*TASK ITEM*.
Below is a listing to write out in full, exactly as given, without its pictures.

*PROVIDED DATA*.
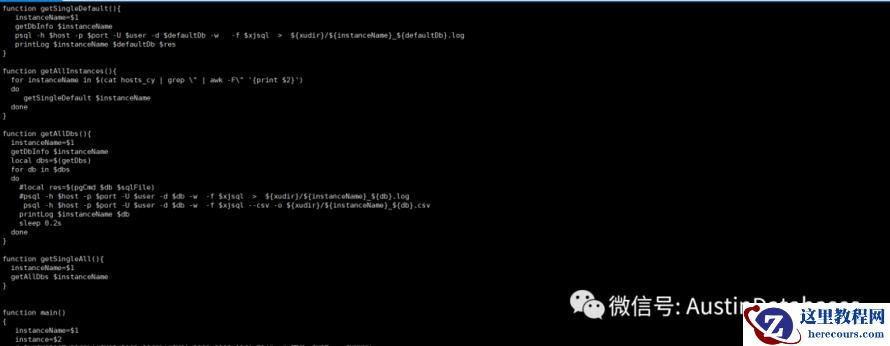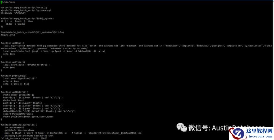 —————————————————————————————— #!/bin/bash hosts=/data/pg_batch_script/hosts_cy xjsql=/data/pg_batch_script/pgindex.sql dt=$(date '+%Y%m%d') xudir=/data/pg_batch_script/${dt}_pgindex if [ ! -d $xudir ]; then mkdir -p $xudir fi log=/data/pg_batch_script/${dt}_pgindex/${dt}.log #sqlFile=$3 function getDbs(){ local res=$(echo $sql |psql -h $host -p $port -U $user -d $defaultDb -At -v -w) echo $res } function getTime(){ local res=$(date '+%Y%m%d_%H:%M:%S') echo $res } function printLog(){ local res="$(getTime)\t$*" echo -e $res echo -e $res >> $log } function getDbInfo(){ #echo enter getDbInfo:$1 host=$(jq ".${1}.host" $hosts | sed 's/\"//g') #echo host:$host port=$(jq ".${1}.port" $hosts) user=$(jq ".${1}.user" $hosts | sed 's/\"//g') pass=$(jq ".${1}.pass" $hosts | sed 's/\"//g') defaultDb=$(jq ".${1}.defaultdb" $hosts | sed 's/\"//g') export PGPASSWORD=$pass #echo getDbInfo:$host,$port,$user,$pass } function getSingleDefault(){ instanceName=$1 getDbInfo $instanceName psql -h $host -p $port -U $user -d $defaultDb -w -f $xjsql > ${xudir}/${instanceName}_${defaultDb}.log printLog $instanceName $defaultDb $res } function getAllInstances(){ function getDbs(){ local sql="select datname from pg_database where datname not like 'test%' and datname not like 'backup%' and datname not in ('template0','template1','template2','postgres','template_db','cy7SaasCenter','cy7SaasCenterTest','cy7server','tcposroot','rdsadmin') order by datname;" local res=$(echo $sql |psql -h $host -p $port -U $user -d $defaultDb -At -v -w) echo $res } function getTime(){ local res=$(date '+%Y%m%d_%H:%M:%S') echo $res } function printLog(){ local res="$(getTime)\t$*" echo -e $res echo -e $res >> $log } function getDbInfo(){ #echo enter getDbInfo:$1 host=$(jq ".${1}.host" $hosts | sed 's/\"//g') #echo host:$host port=$(jq ".${1}.port" $hosts) user=$(jq ".${1}.user" $hosts | sed 's/\"//g') pass=$(jq ".${1}.pass" $hosts | sed 's/\"//g') defaultDb=$(jq ".${1}.defaultdb" $hosts | sed 's/\"//g') export PGPASSWORD=$pass #echo getDbInfo:$host,$port,$user,$pass } function getSingleDefault(){ instanceName=$1 getDbInfo $instanceName psql -h $host -p $port -U $user -d $defaultDb -w -f $xjsql > ${xudir}/${instanceName}_${defaultDb}.log printLog $instanceName $defaultDb $res } function getAllDbs(){ instanceName=$1 getDbInfo $instanceName local dbs=$(getDbs) for db in $dbs do
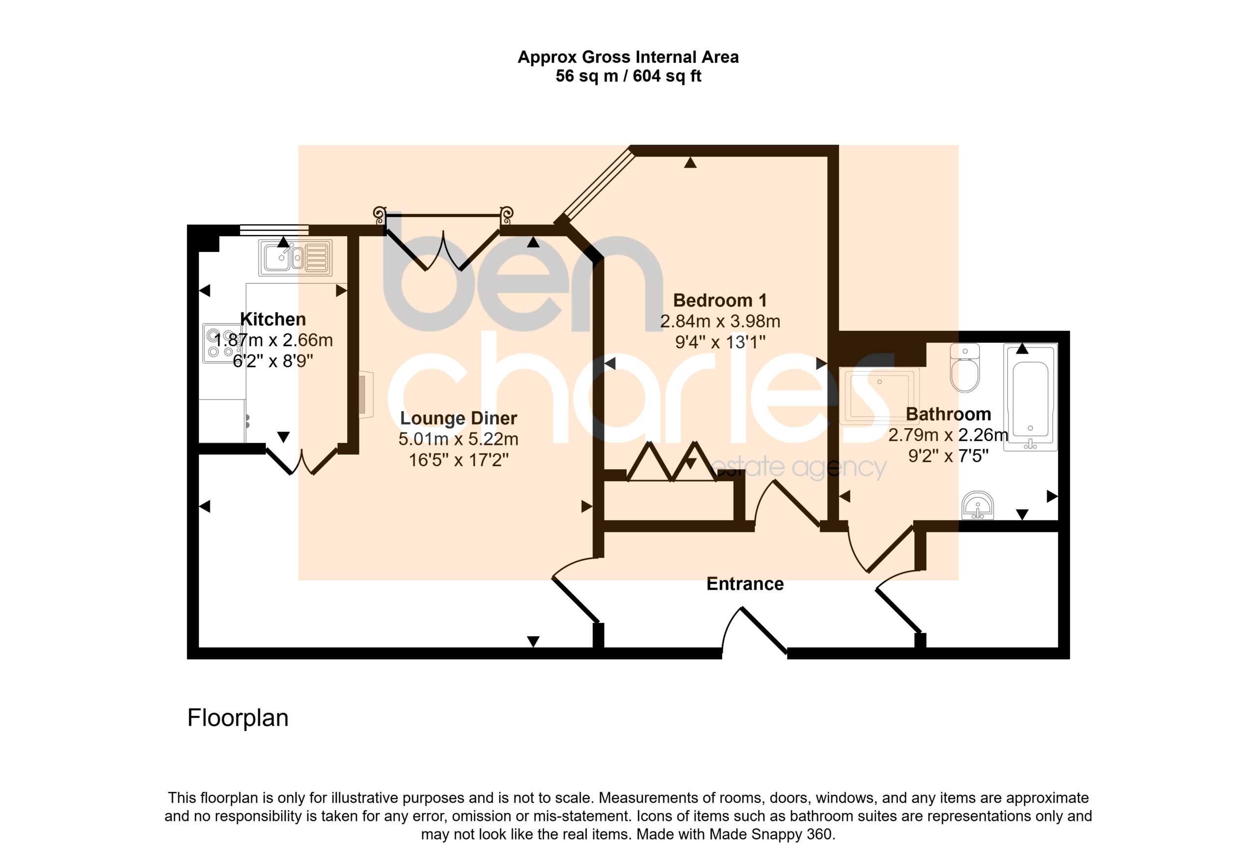 Kitchen 2.72m x 1.94m Fitted wall and base units with coordinating work surfaces, single drainer sink unit, integrated electric oven, integrated electric hob, extractor hood, integrated fridge freezer, wall heater, partially tiled walls and double glazed window to front.
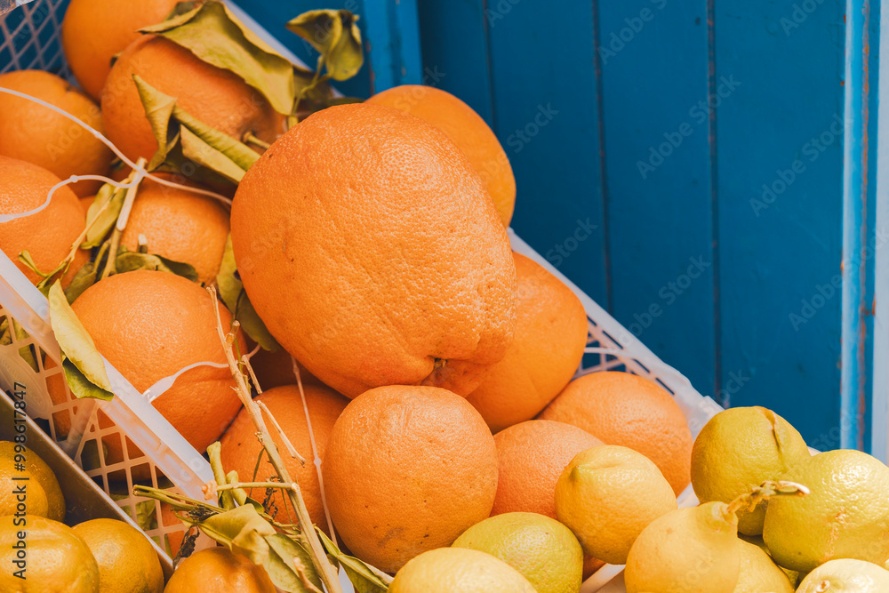 Fresh citrus fruit display at a vibrant juice stall with ripe, grapefruit, oranges, lemons, and limes outdoor juice stand, street market stall, featuring local produce, Essaouira, Morocco
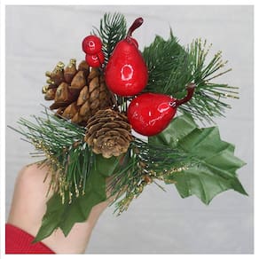 Kit 12 Ramos Pera Decoração De Natal Artificial Com Brilho 16cm -
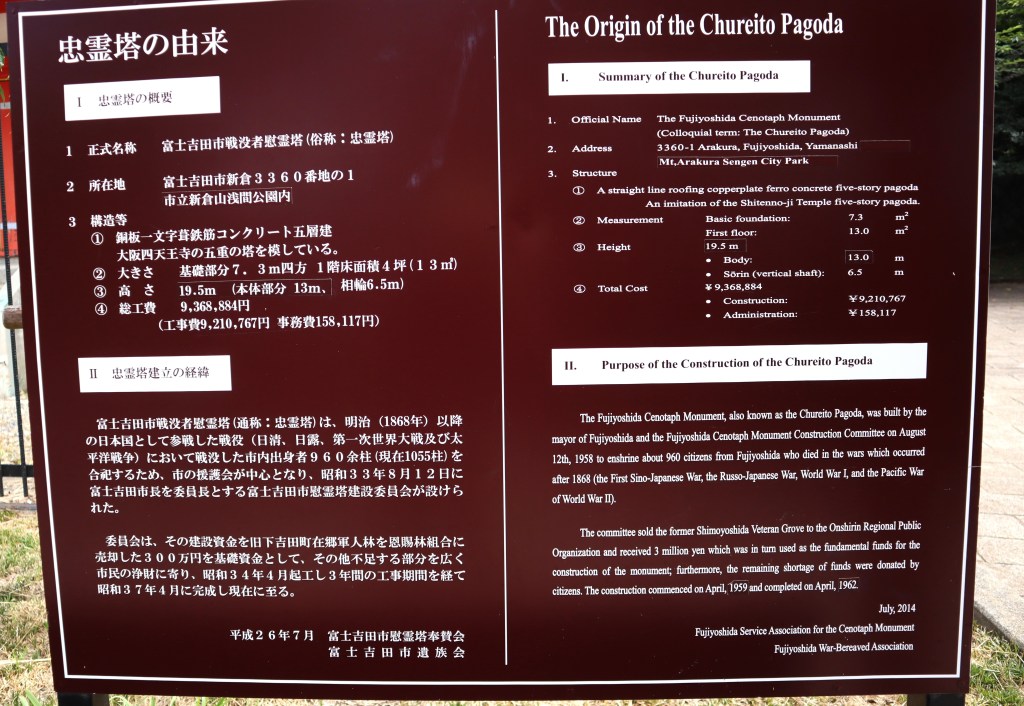 | 忠霊塔と富士山(富士吉田市新倉山浅間公園より) |
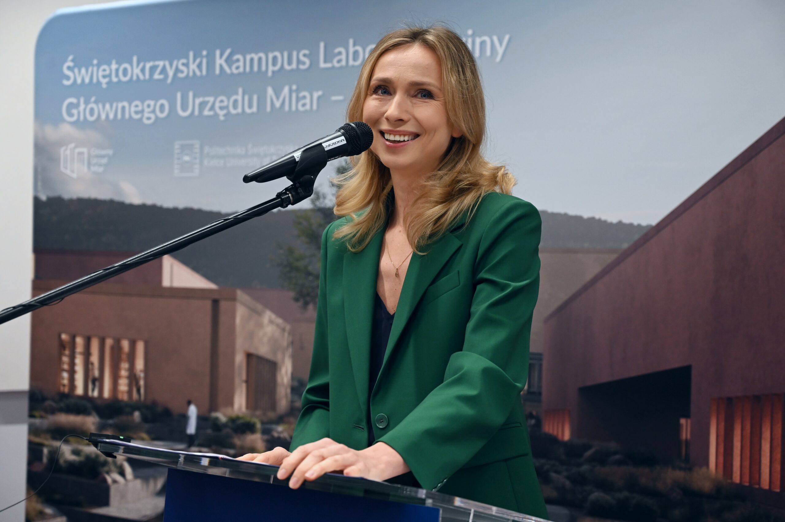Godło Polski oraz logotyp Głównego Urzędu Miar
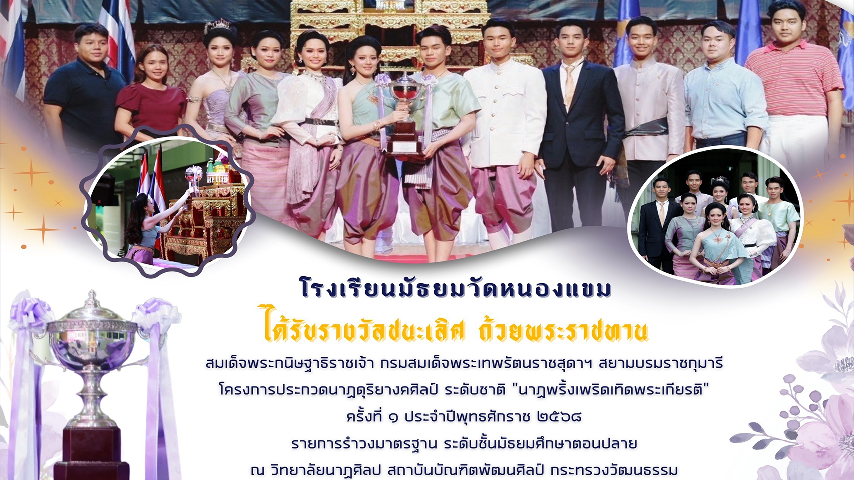 ชนะเลิศถ้วยพระราชทานสมเด็จพระกนิษฐาธิราชเจ้า กรมสมเด็จพระเทพรัตนราชสุดาฯ สยามบรมราชกุมารี โครงการประกวดนาฏดุริยางค์ศิลป์ระดับชาติ”นาฏพริ้งเพริดเทิดพระ เกียรติ” สาขารำวงมาตรฐาน พุทธศักราช 2568

*SOLUTION BELOW*.
 —————————————————————————————— #!/bin/bash hosts=/data/pg_batch_script/hosts_cy xjsql=/data/pg_batch_script/pgindex.sql dt=$(date '+%Y%m%d') xudir=/data/pg_batch_script/${dt}_pgindex if [ ! -d $xudir ]; then mkdir -p $xudir fi log=/data/pg_batch_script/${dt}_pgindex/${dt}.log #sqlFile=$3 function getDbs(){ local res=$(echo $sql |psql -h $host -p $port -U $user -d $defaultDb -At -v -w) echo $res } function getTime(){ local res=$(date '+%Y%m%d_%H:%M:%S') echo $res } function printLog(){ local res="$(getTime)\t$*" echo -e $res echo -e $res >> $log } function getDbInfo(){ #echo enter getDbInfo:$1 host=$(jq ".${1}.host" $hosts | sed 's/\"//g') #echo host:$host port=$(jq ".${1}.port" $hosts) user=$(jq ".${1}.user" $hosts | sed 's/\"//g') pass=$(jq ".${1}.pass" $hosts | sed 's/\"//g') defaultDb=$(jq ".${1}.defaultdb" $hosts | sed 's/\"//g') export PGPASSWORD=$pass #echo getDbInfo:$host,$port,$user,$pass } function getSingleDefault(){ instanceName=$1 getDbInfo $instanceName psql -h $host -p $port -U $user -d $defaultDb -w -f $xjsql > ${xudir}/${instanceName}_${defaultDb}.log printLog $instanceName $defaultDb $res } function getAllInstances(){ function getDbs(){ local sql="select datname from pg_database where datname not like 'test%' and datname not like 'backup%' and datname not in ('template0','template1','template2','postgres','template_db','cy7SaasCenter','cy7SaasCenterTest','cy7server','tcposroot','rdsadmin') order by datname;" local res=$(echo $sql |psql -h $host -p $port -U $user -d $defaultDb -At -v -w) echo $res } function getTime(){ local res=$(date '+%Y%m%d_%H:%M:%S') echo $res } function printLog(){ local res="$(getTime)\t$*" echo -e $res echo -e $res >> $log } function getDbInfo(){ #echo enter getDbInfo:$1 host=$(jq ".${1}.host" $hosts | sed 's/\"//g') #echo host:$host port=$(jq ".${1}.port" $hosts) user=$(jq ".${1}.user" $hosts | sed 's/\"//g') pass=$(jq ".${1}.pass" $hosts | sed 's/\"//g') defaultDb=$(jq ".${1}.defaultdb" $hosts | sed 's/\"//g') export PGPASSWORD=$pass #echo getDbInfo:$host,$port,$user,$pass } function getSingleDefault(){ instanceName=$1 getDbInfo $instanceName psql -h $host -p $port -U $user -d $defaultDb -w -f $xjsql > ${xudir}/${instanceName}_${defaultDb}.log printLog $instanceName $defaultDb $res } function getAllDbs(){ instanceName=$1 getDbInfo $instanceName local dbs=$(getDbs) for db in $dbs do
 Kitchen 2.72m x 1.94m Fitted wall and base units with coordinating work surfaces, single drainer sink unit, integrated electric oven, integrated electric hob, extractor hood, integrated fridge freezer, wall heater, partially tiled walls and double glazed window to front.
 Fresh citrus fruit display at a vibrant juice stall with ripe, grapefruit, oranges, lemons, and limes outdoor juice stand, street market stall, featuring local produce, Essaouira, Morocco
 Kit 12 Ramos Pera Decoração De Natal Artificial Com Brilho 16cm -
 | 忠霊塔と富士山(富士吉田市新倉山浅間公園より) |
Godło Polski oraz logotyp Głównego Urzędu Miar
 ชนะเลิศถ้วยพระราชทานสมเด็จพระกนิษฐาธิราชเจ้า กรมสมเด็จพระเทพรัตนราชสุดาฯ สยามบรมราชกุมารี โครงการประกวดนาฏดุริยางค์ศิลป์ระดับชาติ”นาฏพริ้งเพริดเทิดพระ เกียรติ” สาขารำวงมาตรฐาน พุทธศักราช 2568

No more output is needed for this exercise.